Add a new FIDL interface file called echo.fidl with the following contents:

echo-fidl/echo.fidl:

library examples.routing.echo;

const MAX_STRING_LENGTH uint64 = 32;

@discoverable
protocol Echo {
    /// Returns the input.
    EchoString(struct {
        value string:<MAX_STRING_LENGTH, optional>;
    }) -> (struct {
        response string:<MAX_STRING_LENGTH, optional>;
    });
};

EchoString is a two-way method that accepts an optional (nullable) string value and returns the same value.
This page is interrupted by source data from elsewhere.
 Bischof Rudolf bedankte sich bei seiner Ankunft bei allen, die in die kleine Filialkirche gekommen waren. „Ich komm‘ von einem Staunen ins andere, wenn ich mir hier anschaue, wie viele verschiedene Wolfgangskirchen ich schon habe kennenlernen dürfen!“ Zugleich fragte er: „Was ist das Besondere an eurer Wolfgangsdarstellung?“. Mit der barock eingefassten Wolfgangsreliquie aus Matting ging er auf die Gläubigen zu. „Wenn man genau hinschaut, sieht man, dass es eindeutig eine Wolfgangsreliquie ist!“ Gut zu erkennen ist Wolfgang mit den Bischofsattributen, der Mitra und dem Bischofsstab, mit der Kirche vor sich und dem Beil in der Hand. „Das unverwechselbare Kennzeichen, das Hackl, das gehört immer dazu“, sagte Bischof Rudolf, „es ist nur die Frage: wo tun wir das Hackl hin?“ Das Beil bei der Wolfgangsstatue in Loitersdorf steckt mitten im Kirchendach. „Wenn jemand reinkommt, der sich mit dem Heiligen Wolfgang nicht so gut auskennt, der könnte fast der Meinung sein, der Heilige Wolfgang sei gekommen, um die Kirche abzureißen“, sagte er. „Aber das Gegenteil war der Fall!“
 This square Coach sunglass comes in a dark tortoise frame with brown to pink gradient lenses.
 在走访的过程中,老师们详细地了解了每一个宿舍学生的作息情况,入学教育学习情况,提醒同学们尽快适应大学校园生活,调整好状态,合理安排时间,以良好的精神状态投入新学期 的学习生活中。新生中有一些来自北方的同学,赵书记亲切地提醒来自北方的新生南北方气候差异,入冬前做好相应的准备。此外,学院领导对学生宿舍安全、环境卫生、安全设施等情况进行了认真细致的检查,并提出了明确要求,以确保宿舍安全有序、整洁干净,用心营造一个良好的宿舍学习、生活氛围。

Add a BUILD.bazel file with the following contents to declare the library target:

echo-fidl/BUILD.bazel:

load(
    "@rules_fuchsia//fuchsia:defs.bzl",
    "fuchsia_fidl_llcpp_library",
    "fuchsia_fidl_library",
)

package(default_visibility = ["//visibility:public"])

fuchsia_fidl_library(
    name = "examples.routing.echo",
    srcs = [
        "echo.fidl",
    ],
    library = "examples.routing.echo",
)

fuchsia_fidl_llcpp_library(
    name = "examples.routing.echo.fidl_cc",
    library = ":examples.routing.echo",
    deps = [
        "@fuchsia_sdk//pkg/fidl_cpp_v2",
    ],
)

Run bazel build and verify that the build completes successfully:

bazel build --config=fuchsia_x64 //fuchsia-codelab/echo-fidl:examples.routing.echo.fidl_cc

Examine the FIDL bindings

The FIDL bindings target compiles the FIDL interface and generates language-specific bindings in the bazel-bin/ directory:

bazel-bin/fuchsia-codelab/echo-fidl/_virtual_includes/

Locate and open the generated headers found in the above directory:

find bazel-bin/fuchsia-codelab/echo-fidl/_virtual_includes -name *.h

Explore the contents of these files. Below is a summary of some of the key generated interfaces:

Interface Description
Echo Represents the FIDL protocol and acts as the main entry point for types and classes that both clients and servers use to interact with that protocol.
EchoString Representation of the FIDL protocol method, used by clients and servers to provide typed requests and responses.
fidl::Server<Echo> Abstract class for a server component to override and handle incoming FIDL requests.
fidl::internal::NaturalClientImpl<Echo> Asynchronous client that transforms protocol methods into FIDL request messages sent over the IPC channel. Provided when a fidl::Client is created for this protocol.
fidl::internal::NaturalSyncClientImpl<Echo> Synchronous client that transforms protocol methods into FIDL request messages sent over the IPC channel. Provided when a fidl::SyncClient is created for this protocol.